Output the data below exactly as it is, dropping the pictures from your copy.

→ Exercise data
★ ★ ★ ★ ★

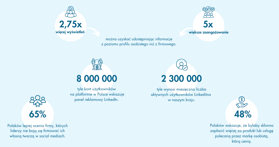 Potwierdzeniem tej tezy mogą być m.in. wyniki badań Refine Labs, które dotyczyły aktywności na LinkedInie. Wyniki te wskazały, że udostępniając informacje z poziomu profilu osobistego, można zyskać 2,75 razy więcej wyświetleń i 5 razy większe zaangażowanie niż w przypadku udostępniania ich z poziomu profilu firmowego.
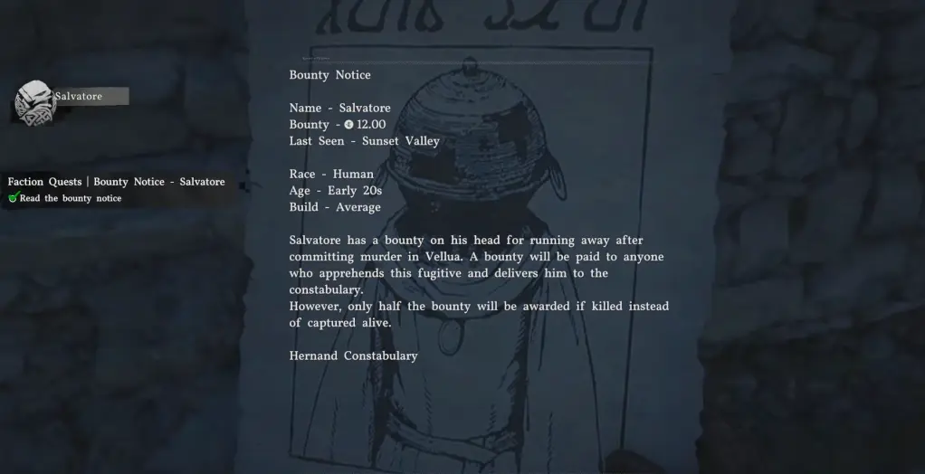 The Salvatore bounty is one of the latter set of contracts in Crimson Desert, and you'll need to capture the outlaw to bring him to justice. However, the job is easier said than done, as you'll need to find him from his hideout. That comes after you accept the poster that states the details of the bounty on offer.
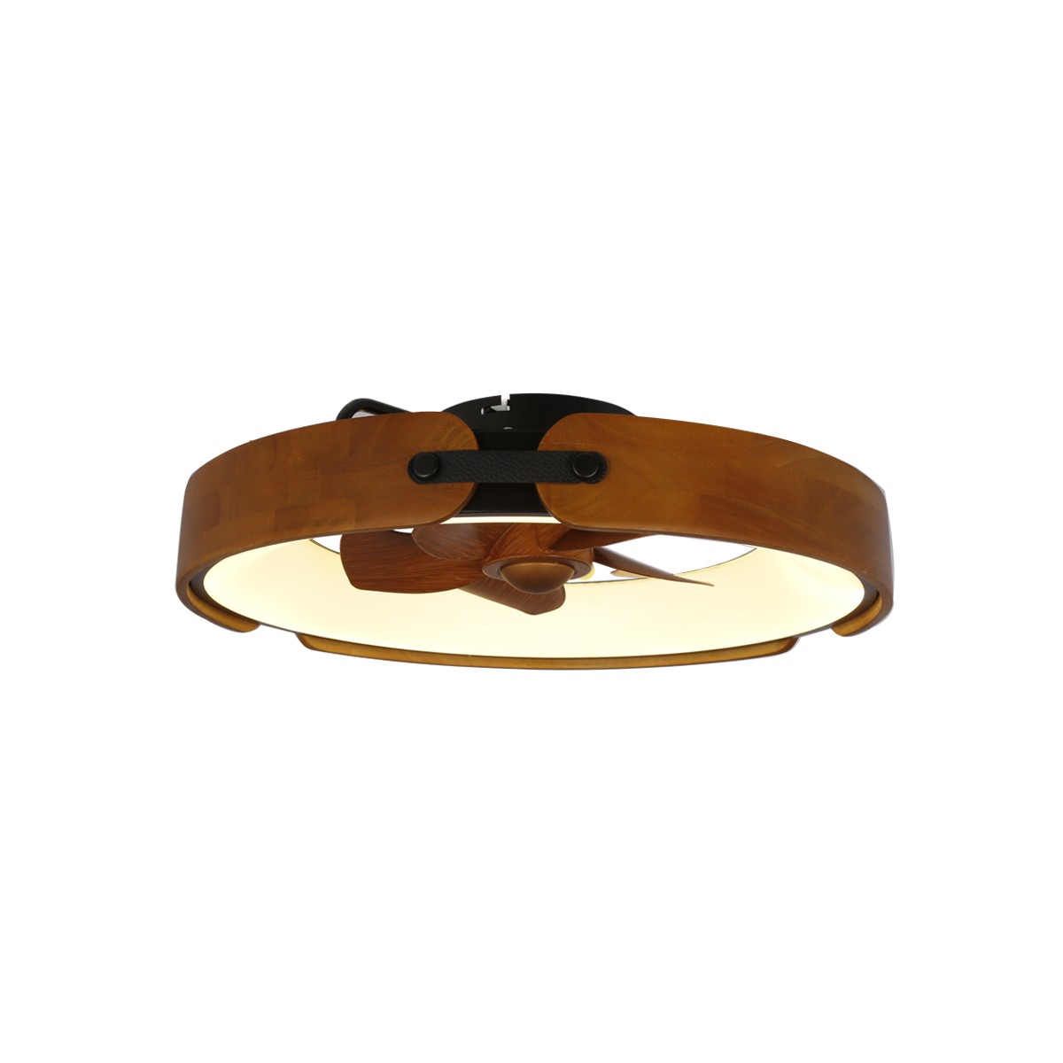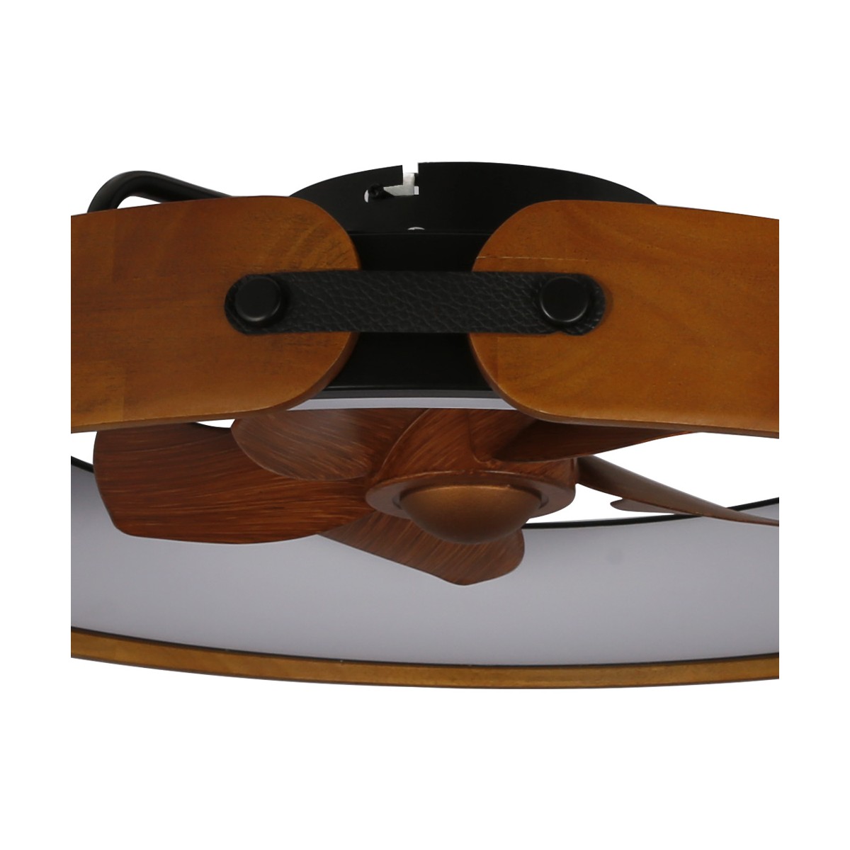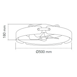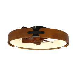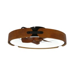 Messer rustic ceiling fan with LED lighting. Circular brown fan with integrated blades inside. Its design allows to provide a concentrated air flow directly downwards in the fan position. Made of rustic brown iron, PMMA diffuser and integrated wood-effect PC blades. Six-speed DC motor and adjustable LED lighting.
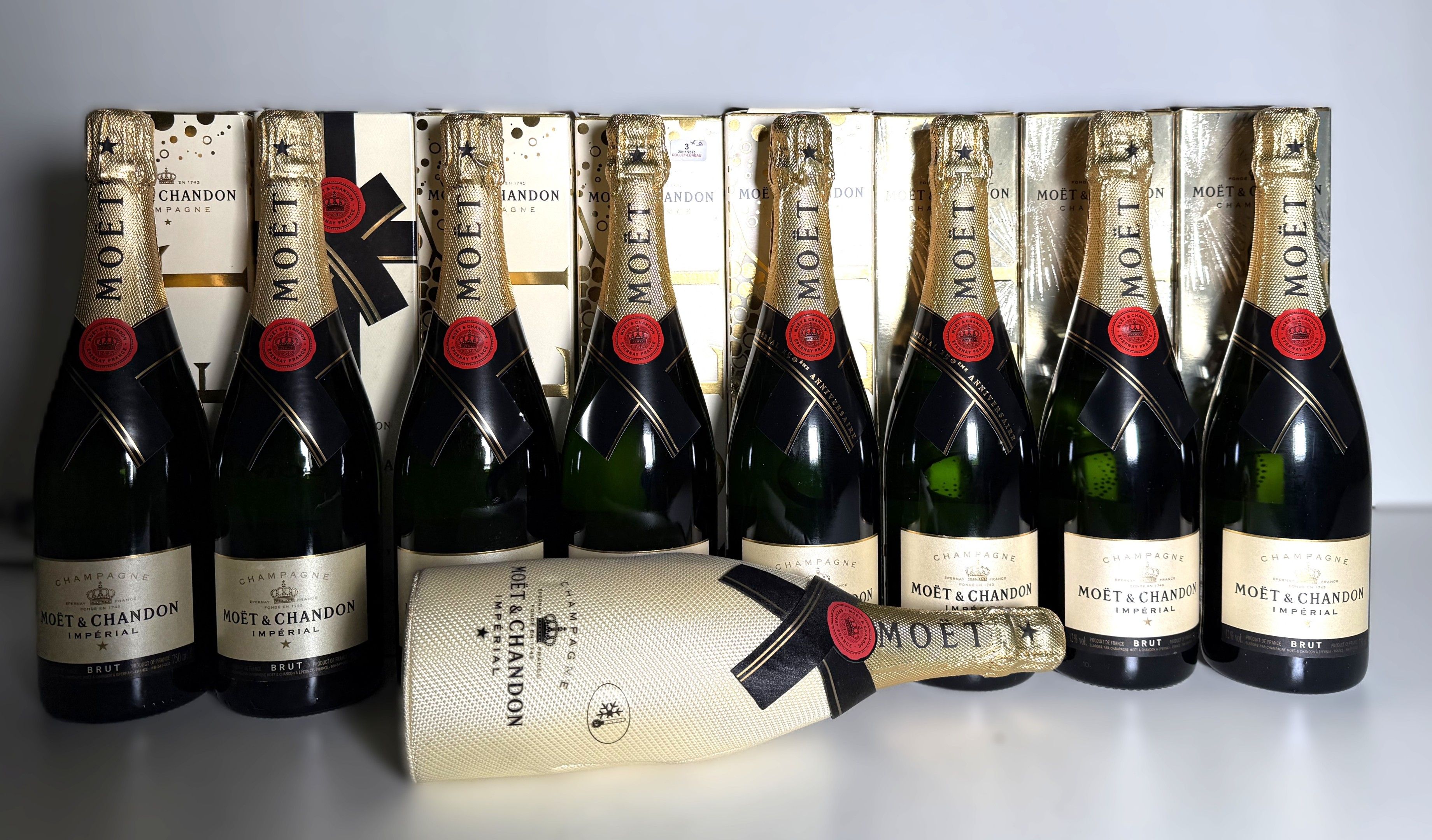 Lot comprenant 9 bouteilles de Champagne dont 8 coffrets Moët et Chandon, cuvée brut imperial et une sous blister cuvée brut impérial
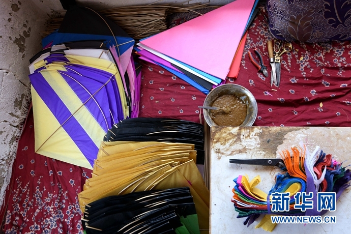這是5月29日在阿富汗喀布爾拍攝的希杰蘭扎風(fēng)箏用的剪刀、漿糊和紙張等材料。新華社記者 代賀 攝
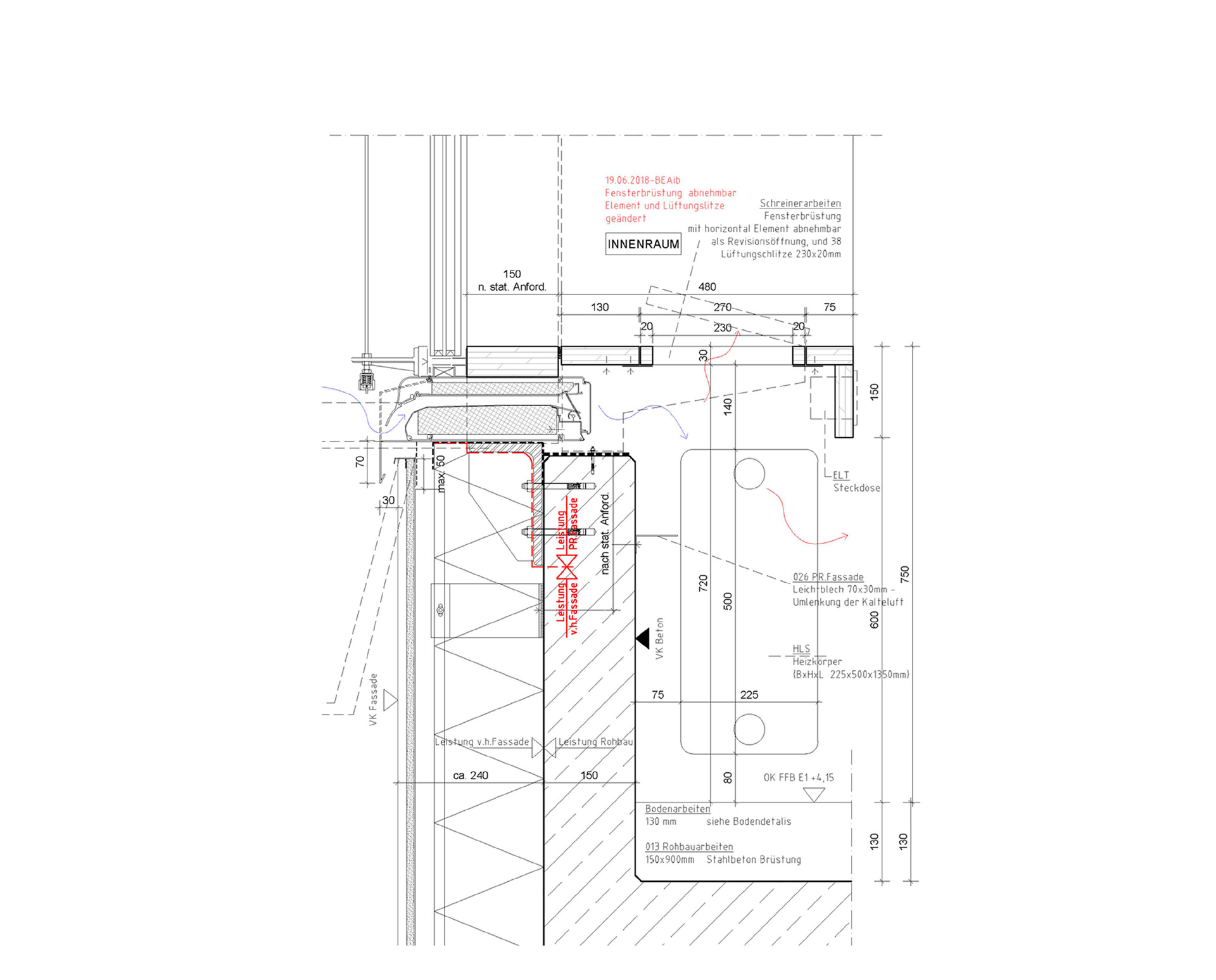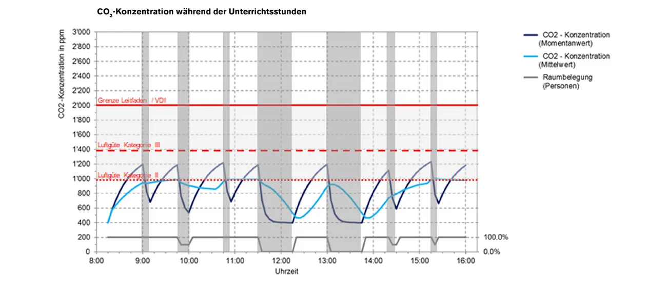 The holistic optimization of the building by Transsolar showed that active cooling of the building was not necessary. A light shelf in the upper third of the transparent façade brings daylight into the building. The sun protection, optimized by shading studies, is outside with adjustable louvers. The surrounding balcony serves as escape route as well as for maintenance / cleaning of the facade. Each learning cluster represents a fire section of its own and at the same time as a separated ventilation zone. Fresh air is introduced into the classrooms via façade-integrated inlet elements that have manually / self-controlling volumetric flow controllers, as well as reheating via heating convectors. Overflow elements to the corridor area, optimized by simulations, ensure low pressure drop, simultaneously offering high sound insulation. The exhaust air is discharged outside via the sanitary cores. The school roof is equipped with PV system with a peak
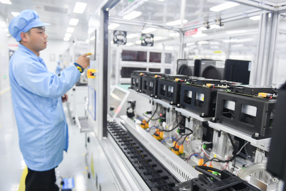 2月28日,在高德红外智感科技民品生产线上,工作人员对红外热成像仪进行程序烧录。新华社记者 杜子璇 摄
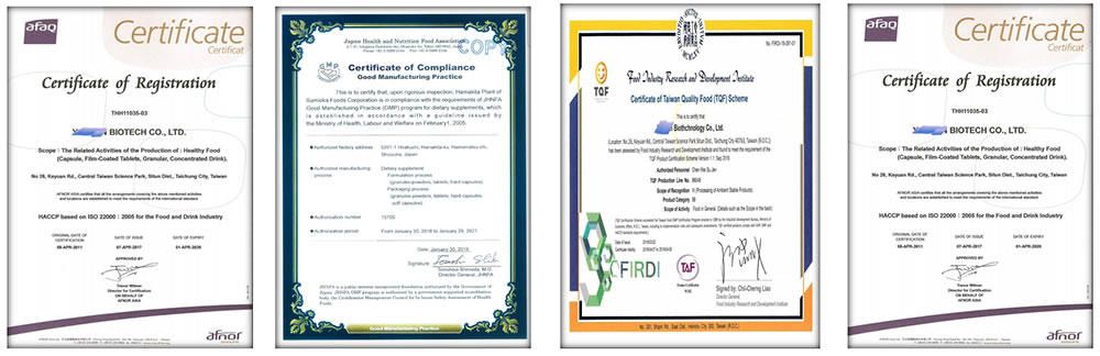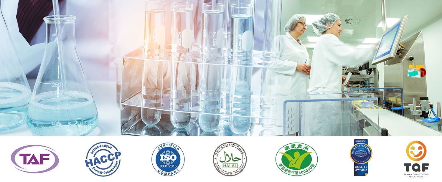台德生醫的生產中心,生產中心不僅榮獲ISO/ HACCP國際認證,更提升設置醫藥等級國際TAF認證實驗室。所有人員、原物料進出皆須經過嚴格管控,維持作業廠區環境品質。此高規格管理更是協助客戶完成多種認證的基礎,包括台灣健康食品認證、國家品質SNQ認證、清真食品認證、中國食品審批認證、國際Monde Selection品質獎等。
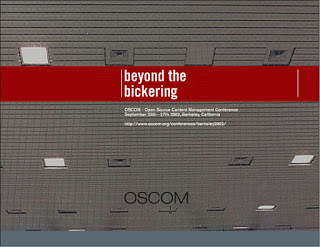 From this grew OSCOM, an international non-profit for open source content management. The basic idea is to foster communications and community amongst the creators of these open source projects. A very successful conference was held in Zurich earlier this year. Another is slated for Berkeley in September.
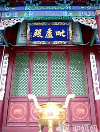 大雄宝殿后为拾级而上的第二进院落,院内有毗卢大殿。凳斯院中,居高临下,峰峦怪石,碧树奇葩,尽收眼底。一江和尚云:“五月清凉界,谈经入凤林。松风和梵语,流水奏幽琴。云淡曼殊面,花研古佛心。不须觅黄卷,遍演法王音。”

★ ★ ★ ★ ★

→ Your solution
 Potwierdzeniem tej tezy mogą być m.in. wyniki badań Refine Labs, które dotyczyły aktywności na LinkedInie. Wyniki te wskazały, że udostępniając informacje z poziomu profilu osobistego, można zyskać 2,75 razy więcej wyświetleń i 5 razy większe zaangażowanie niż w przypadku udostępniania ich z poziomu profilu firmowego.
 The Salvatore bounty is one of the latter set of contracts in Crimson Desert, and you'll need to capture the outlaw to bring him to justice. However, the job is easier said than done, as you'll need to find him from his hideout. That comes after you accept the poster that states the details of the bounty on offer.
 Messer rustic ceiling fan with LED lighting. Circular brown fan with integrated blades inside. Its design allows to provide a concentrated air flow directly downwards in the fan position. Made of rustic brown iron, PMMA diffuser and integrated wood-effect PC blades. Six-speed DC motor and adjustable LED lighting.
 Lot comprenant 9 bouteilles de Champagne dont 8 coffrets Moët et Chandon, cuvée brut imperial et une sous blister cuvée brut impérial
這是5月29日在阿富汗喀布爾拍攝的希杰蘭扎風(fēng)箏用的剪刀、漿糊和紙張等材料。新華社記者 代賀 攝
 The holistic optimization of the building by Transsolar showed that active cooling of the building was not necessary. A light shelf in the upper third of the transparent façade brings daylight into the building. The sun protection, optimized by shading studies, is outside with adjustable louvers. The surrounding balcony serves as escape route as well as for maintenance / cleaning of the facade. Each learning cluster represents a fire section of its own and at the same time as a separated ventilation zone. Fresh air is introduced into the classrooms via façade-integrated inlet elements that have manually / self-controlling volumetric flow controllers, as well as reheating via heating convectors. Overflow elements to the corridor area, optimized by simulations, ensure low pressure drop, simultaneously offering high sound insulation. The exhaust air is discharged outside via the sanitary cores. The school roof is equipped with PV system with a peak
 2月28日,在高德红外智感科技民品生产线上,工作人员对红外热成像仪进行程序烧录。新华社记者 杜子璇 摄
台德生醫的生產中心,生產中心不僅榮獲ISO/ HACCP國際認證,更提升設置醫藥等級國際TAF認證實驗室。所有人員、原物料進出皆須經過嚴格管控,維持作業廠區環境品質。此高規格管理更是協助客戶完成多種認證的基礎,包括台灣健康食品認證、國家品質SNQ認證、清真食品認證、中國食品審批認證、國際Monde Selection品質獎等。
 From this grew OSCOM, an international non-profit for open source content management. The basic idea is to foster communications and community amongst the creators of these open source projects. A very successful conference was held in Zurich earlier this year. Another is slated for Berkeley in September.
 大雄宝殿后为拾级而上的第二进院落,院内有毗卢大殿。凳斯院中,居高临下,峰峦怪石,碧树奇葩,尽收眼底。一江和尚云:“五月清凉界,谈经入凤林。松风和梵语,流水奏幽琴。云淡曼殊面,花研古佛心。不须觅黄卷,遍演法王音。”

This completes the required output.